Mais quand on soutient « qu’un événement libre ne saurait être prévu », note Leibniz, ce qu’on entend par « liberté » ne peut pas se réduire à l’absence de contrainte et à l’absence de nécessité. Un acte que personne ne me force à accomplir, un acte qui ne m’est pas prescrit par l’impossibilité de faire autrement, peut quand même être prévisible si j’ai de bonnes raisons de le choisir, de le préférer à n’importe quel autre. Cet acte sera prévu à coup sûr par Dieu, l’être qui connaît les raisons de tout, l’être qui perce le secret des motivations. Pour soutenir, comme le fait Bayle, que la liberté est incompatible avec la prévision, il faut donc concevoir une « liberté » différente de celle qui rend coupable l’auteur d’un péché, une liberté qui ne soit pas seulement absence de contrainte et de nécessité, mais en outre absence de « détermination », absence de motivation à agir dans un sens plutôt que dans l’autre, une liberté consistant dans « l’indifférence pleine et d’équilibre ». Et certes, s’il fallait, pour qu’un acte soit libre, que son auteur ne soit pas plus déterminé à le commettre qu’à ne pas le commettre, s’il fallait qu’il puisse indifféremment faire l’un ou l’autre, s’il fallait que les deux options se présentent à lui en parfait équilibre, alors, effectivement, la liberté impliquerait l’imprévisibilité. L’être humain serait alors d’autant plus libre qu’il agirait gratuitement, irrationnellement : il suffit, une nouvelle fois, d’envisager cette conséquence pour que l’hypothèse soit disqualifiée.
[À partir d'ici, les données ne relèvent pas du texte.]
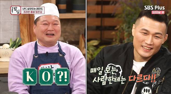 25일 방송된 SBS플러스 '강호동의 밥심'(이하 '밥심')에는 '코리안 좀비' 격투기 선수 정찬성이 출연해 이야기를 나눴다.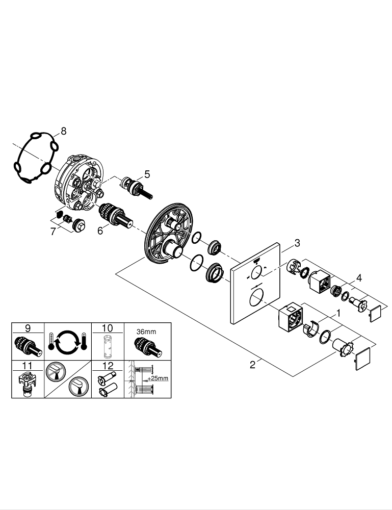 GROHE Grohtherm cube Kit de garniture pour mitigeur thermostatique encastré avec inverseur pour douche et baignoire chrome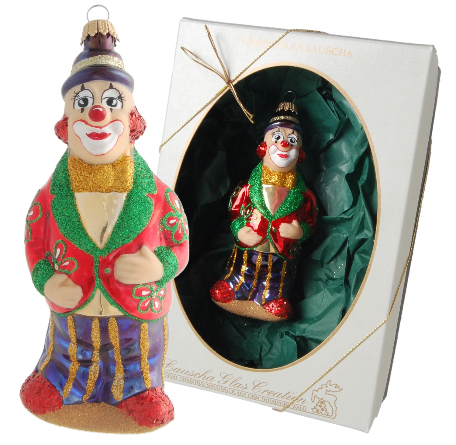 - Lieferumfang: Zirkusclown 14cm, Glasornament, mundgeblasen, handdekoriert (1)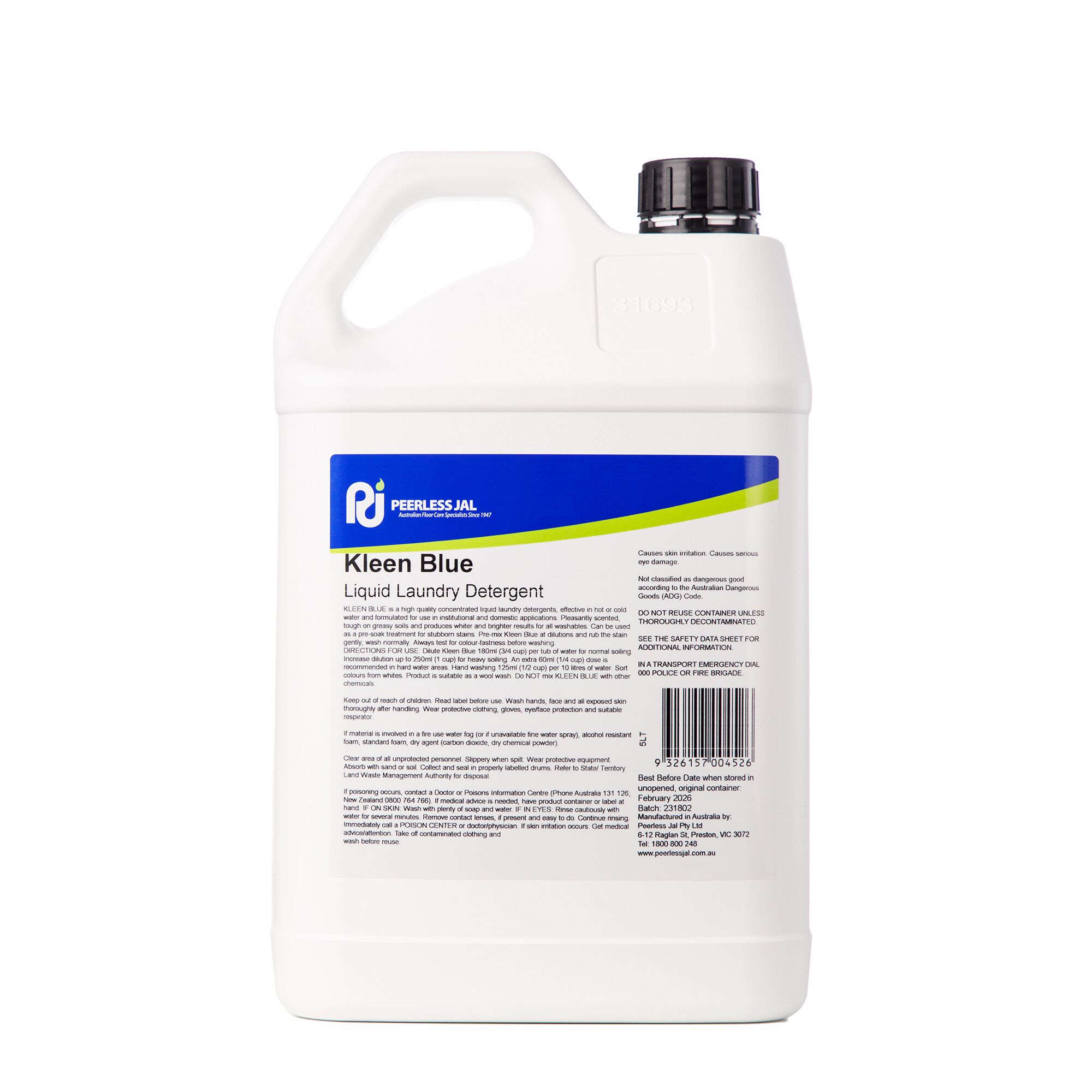 Kleen Blue is a premium concentrated laundry liquid detergent formulated for use in institutional and domestic applications. It is freshly scented, tough on greasy soils, and produces whiter and brighter results to washable linens.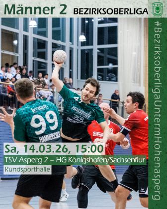 Nach zwei knappen Niederlagen geht es für die zweite Männermannschaft am kommenden Samstag darum, den vierten Tabellenplatz zu verteidigen. Um 15 Uhr ist der Tabellenachte HG Königshofen/Sachsenflur zu Gast in der Rundsporthalle. Mit drei Siegen aus den letzten vier Spielen hat sich die HG im Tabellenkeller etwas nach oben gearbeitet. Die Asperger hingegen wollen ihren Negativtrend beenden und den achten Sieg einfahren, um den Anschluss nach oben nicht ganz zu verlieren.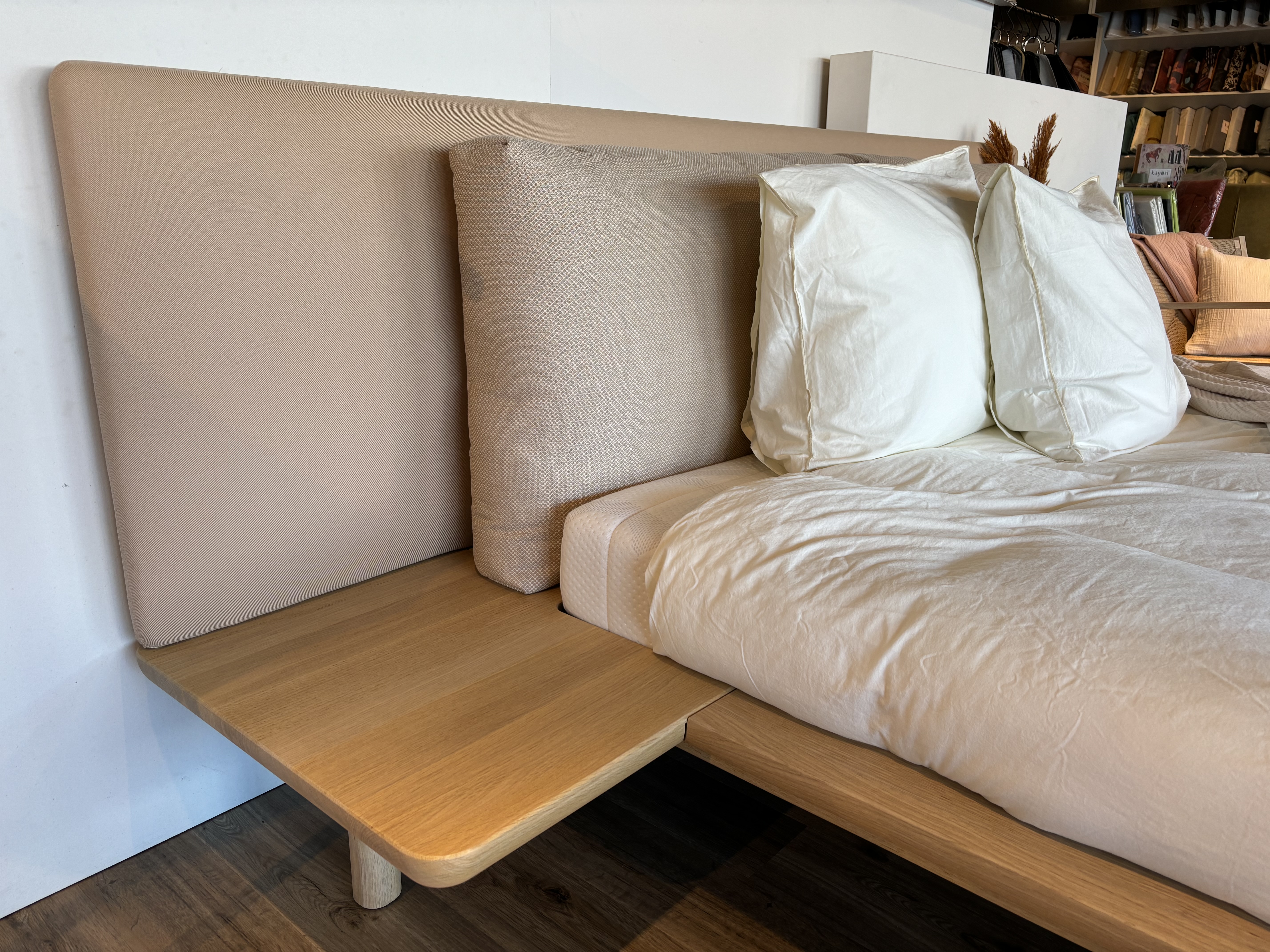 Het Showroommodel is in de kleur Solid Oak , met de meest luxe stofgroep E en vlakke spiralen . Natuurlijk kunt u ook de  Auping matrassen kiezen , neem daarvoor contact op met De Bedden op tel nummer 0223624093.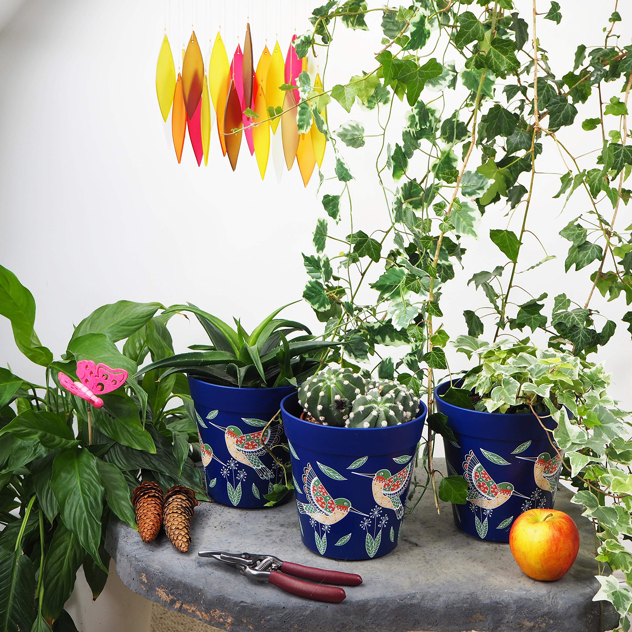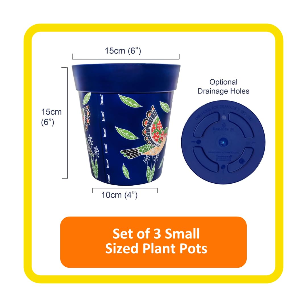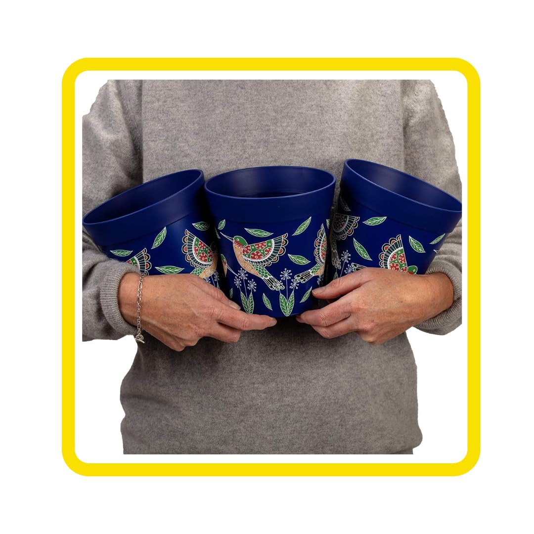 Hum Flowerpots, 15cm, 3er-Set, in Verschiedenen Farben und Mustern, Blumentöpfe aus Kunststoff für Drinnen und Draussen, Blaue Kolibris

Le « dilemme » de Bayle oppose donc une proposition qui implique l’indifférence d’équilibre à une proposition qui ne l’implique pas. Pour Leibniz, cela signifie tout simplement que la seconde proposition est vraie alors que la première est fausse. Que le défaut de liberté empêche l’homme d’être coupable, cela est vrai ; qu’un acte libre ne puisse être prévu, cela est faux : quiconque le soutient « confond » la liberté avec quelque chose qui n’est pas la liberté. Opposant une proposition vraie à une proposition fausse, le dilemme n’est manifestement « pas bien pris », ce qui rend totalement trompeur l’argument « de Charybde en Scylla » : nous ne serions réellement condamnés au naufrage que si nous nous heurtions à deux vérités antagonistes. Or les vérités ne sont pas, ne peuvent pas être antagonistes : il ne peut pas y avoir de véritable conflit entre la prévision du péché d’Adam et sa juste punition. La critique du prétendu dilemme dans la première partie du texte doit par conséquent être suivie d’une contrepartie positive, d’une sorte de contre-épreuve : puisque la responsabilité du faux dilemme incombe à la confusion entre « liberté » et « indétermination » ou « indifférence », c’est en prenant le contre-pied exact de ces notions erronées, en identifiant la liberté à la « détermination certaine », que nous rendrons compréhensibles à la fois la prévision du péché d’Adam et sa punition. Nous aurons ainsi prouvé, contre Bayle, « qu’il y a un passage large entre les écueils ». Tel est le programme réalisé dans la seconde partie du texte.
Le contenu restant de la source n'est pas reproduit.